From the entries that follow, report every line in which "with" occurs.

▸ Data excerpts
——————
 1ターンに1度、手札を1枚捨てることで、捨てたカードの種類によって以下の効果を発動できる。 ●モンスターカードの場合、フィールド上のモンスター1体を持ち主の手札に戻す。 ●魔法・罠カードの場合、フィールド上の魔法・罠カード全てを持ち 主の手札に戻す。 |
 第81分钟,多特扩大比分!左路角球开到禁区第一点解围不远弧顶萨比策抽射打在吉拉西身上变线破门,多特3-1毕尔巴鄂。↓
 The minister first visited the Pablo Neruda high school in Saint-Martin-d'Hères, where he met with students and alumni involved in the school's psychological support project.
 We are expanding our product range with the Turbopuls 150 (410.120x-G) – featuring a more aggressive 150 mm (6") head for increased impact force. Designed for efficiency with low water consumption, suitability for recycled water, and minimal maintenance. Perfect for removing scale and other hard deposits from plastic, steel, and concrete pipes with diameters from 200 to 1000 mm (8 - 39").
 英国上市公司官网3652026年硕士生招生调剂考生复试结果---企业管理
——————
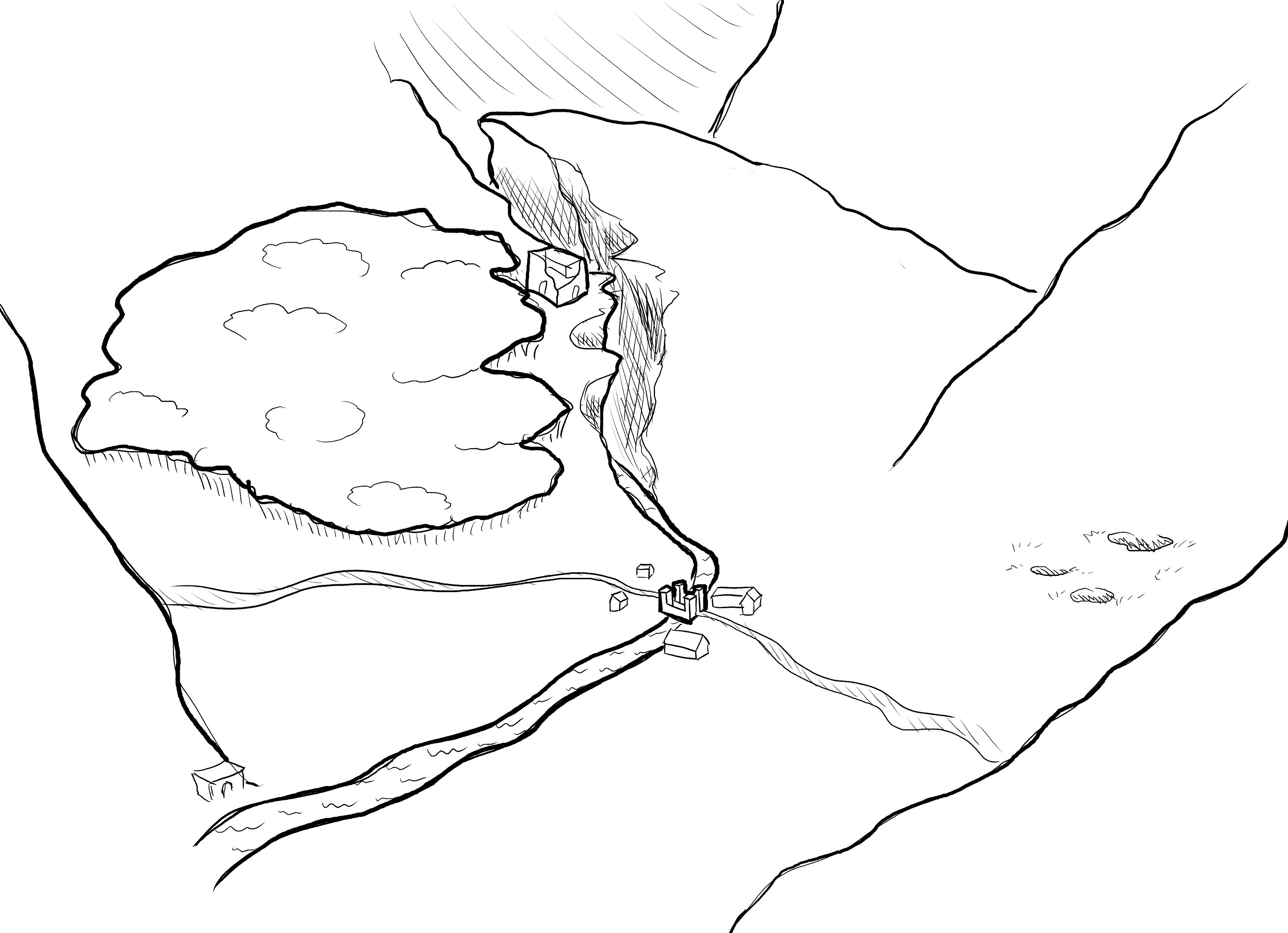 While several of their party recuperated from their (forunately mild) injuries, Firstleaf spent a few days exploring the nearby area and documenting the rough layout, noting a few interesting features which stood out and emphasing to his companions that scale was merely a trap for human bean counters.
——————
▸ Response area
 The minister first visited the Pablo Neruda high school in Saint-Martin-d'Hères, where he met with students and alumni involved in the school's psychological support project.
 We are expanding our product range with the Turbopuls 150 (410.120x-G) – featuring a more aggressive 150 mm (6") head for increased impact force. Designed for efficiency with low water consumption, suitability for recycled water, and minimal maintenance. Perfect for removing scale and other hard deposits from plastic, steel, and concrete pipes with diameters from 200 to 1000 mm (8 - 39").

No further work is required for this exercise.